Farm Life and Chicken Update
Would you believe that I am experiencing farm life in the middle of Amsterdam? How freakin’ bizarre is that? Chickens, mice, fruit flies (do fruit flies count as farm life???), and then to top it off, I have been washing dishes outside for the last couple days! Phil and Laina (the people whose home we are staying in) are in the middle of remodeling their kitchen and are without a kitchen sink. So I have been busy heating up water in the electric water heater, transferring it to a bucket of soapy cold water, and washing dishes for a family of 8 (including us and not counting the visitors). It has been SO fun though!! Maisie has LOVED it. Laina took some pictures of Maisie playing in the soapy water that I will try to get from her. It has been sort of a fun thing for us to do together because it is quality time, but I am also getting done something important!
So the chickens!!! They are growing up so fast! I freakin’ love those little things! Every night before the mom rounds them up to go to sleep, they have flight lessons. Not like chickens can really fly, but they jump and flap their wings and it gets them higher than we could jump. So anyways, tonight the mother was VERY persistent in making the chicks fly. She stayed perched on a branch thing in the little side room (where the other two chickens also sleep) and made the baby chicks work to get up there with her. Well, they didn’t get all the way, but close. There is a little swing thing right below her that they are all huddled on together. It is pretty cute. One of the chicks had a hard time getting up there with the other ones, but the mother did not budge. She kept squaking at them, probably saying something like, “Come on! I know you can do it!” Eventually they all did.
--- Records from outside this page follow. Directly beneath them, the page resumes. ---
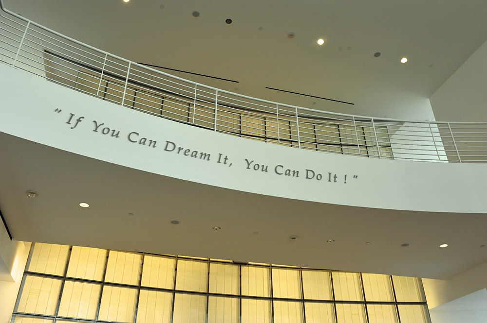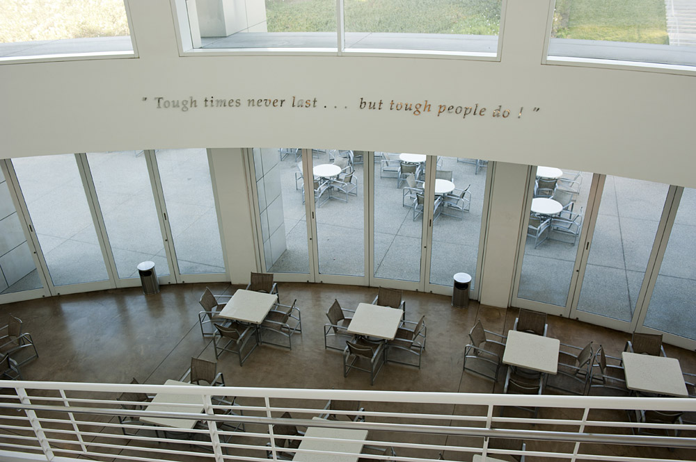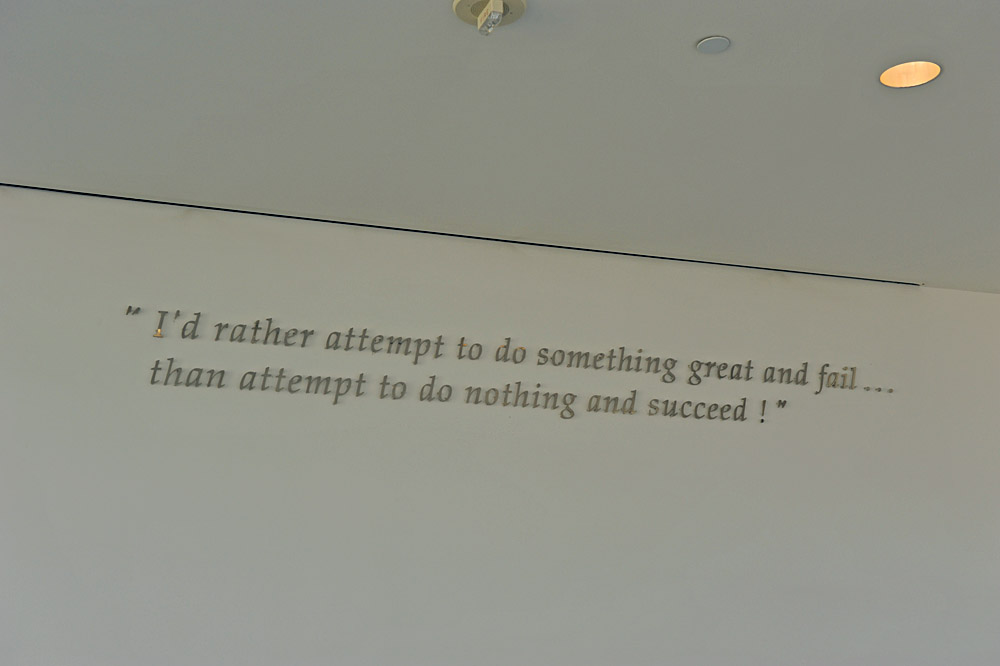 It wasn't as crowded as I expected and there were many signs of financial stress around campus, but it's still an architectural marvel. I really like the contemporary styling, and find the inspirational messages, well, inspirational.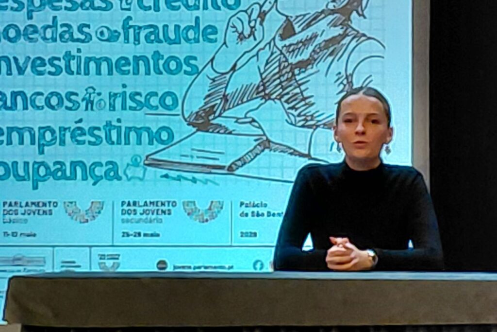 No passado dia 25 de fevereiro, a aluna Alice Kotelyanets, da turma 12.º AV, participou, na sede do Instituto Português do Desporto e Juventude (IPDJ) de Leiria, na sessão de eleição da mesa da Sessão Distrital do programa Parlamento dos Jovens.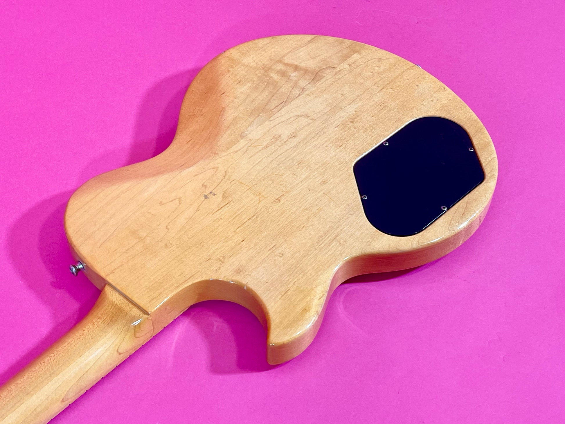 The guitar has a nice slim body with familiar Gibson cutaway profile. The maple body has a woodgrain that is nicely defined and has lots of interesting patterns. The clear coat finish is in very good condition and has a nice vintage shine. The pickguard is aftermarket and looks killer. The original black pickguard is included (added mini-toggle hole) along with a repro-if you like the stock look.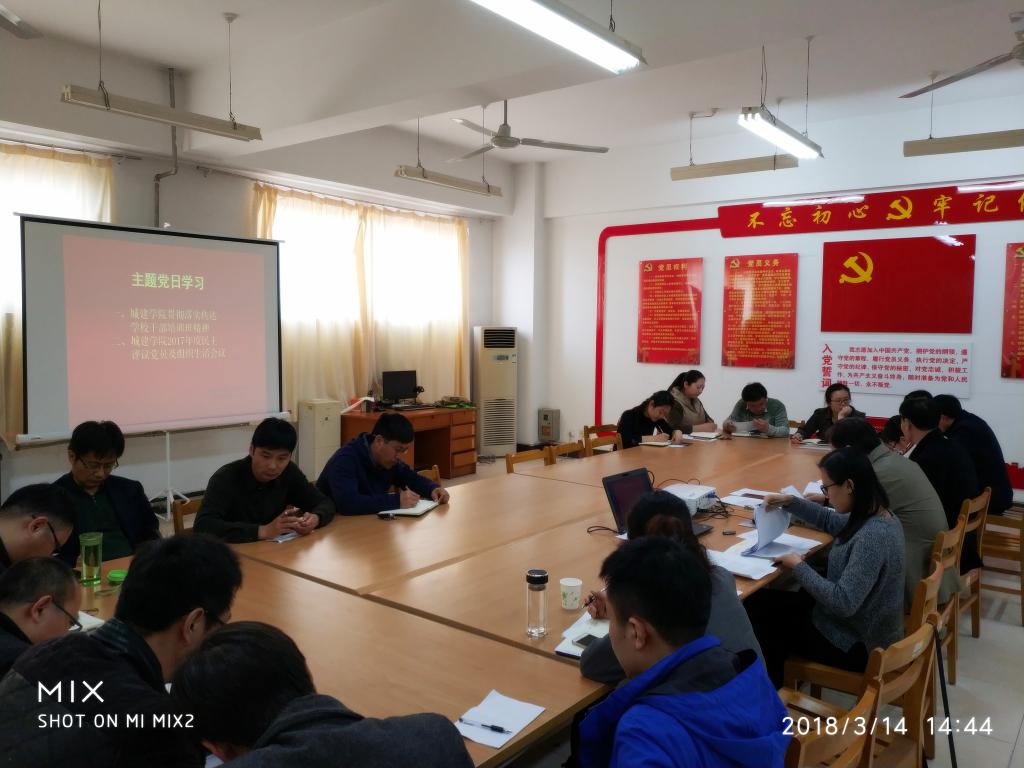 3月14日下午,城建学院开展“双周三主题党日”教育活动,全体教师和党员参加了教育活动。教育活动分两个阶段,一是传达学校春季干部培训班精神,二是各党支部召开党员组织生活会,民主评议党员活动。“双周三主题党日”教育活动由党总支书记李振清主持。

So we sat around the dinner table tonight talking about how the mother hen stayed put and didn’t climb down and coddle her chicks, but she believed in them and let them experience hurt and falls for themselves, knowing it would help them get to where they needed to be. The chicks were probably a bit mad that mother hen wasn’t helping, but she knew best to leave them alone and figure things out on her own. But one thing I did notice is that she kept cheering them on, giving encouragement, letting them know they weren’t alone, letting them know she believed in them (at least this is what I think she was saying when I heard the ‘bock bock’ coming from her beak). I hope I will be like that mother hen. Still loving her chicks, but knowing enough to let my babies fly the coup when they are ready. That I will believe in them and let them go when they are ready to ‘fly’. Yikes! That is probably a lot harder than what I watched tonight with the baby chicks. I do have to say that it made me a little sad for the chicks not to have their mom to keep them warm tonight.
So Jason was thinking that what if the mother hen was actually saying “you’re worthless! You’re worthless!”
That cracked me up but we both hope that your interpretation was more accurate. But that was a good analogy that you had of just allowing our “young” to be able to make mistakes and learn on their own. That is a tough one for most parents…
LOVE the chicken stories!
I have to admit that I never thought I’d hear profoundities from you, Jen, through stories of chickens. You know, I’ve been there and done that…that rooting on, and probably a bit of ‘what in the world are you DOING?’ too. Being a parent is hard….your kiddos have to take dings and falls and sometimes you just have to sit back and watch. Encourage, but be still.
How fun that you get to do dishwashing with Maisie! Those are good times you’ll never forget…and neither will she.
Why is it that you are turning into a “country bumpkin” AFTER you left the countryside of Oregon??? I love that you know your chicken friends well enough to put words, thoughts and even sentences into their little beaks! You are so dang funny!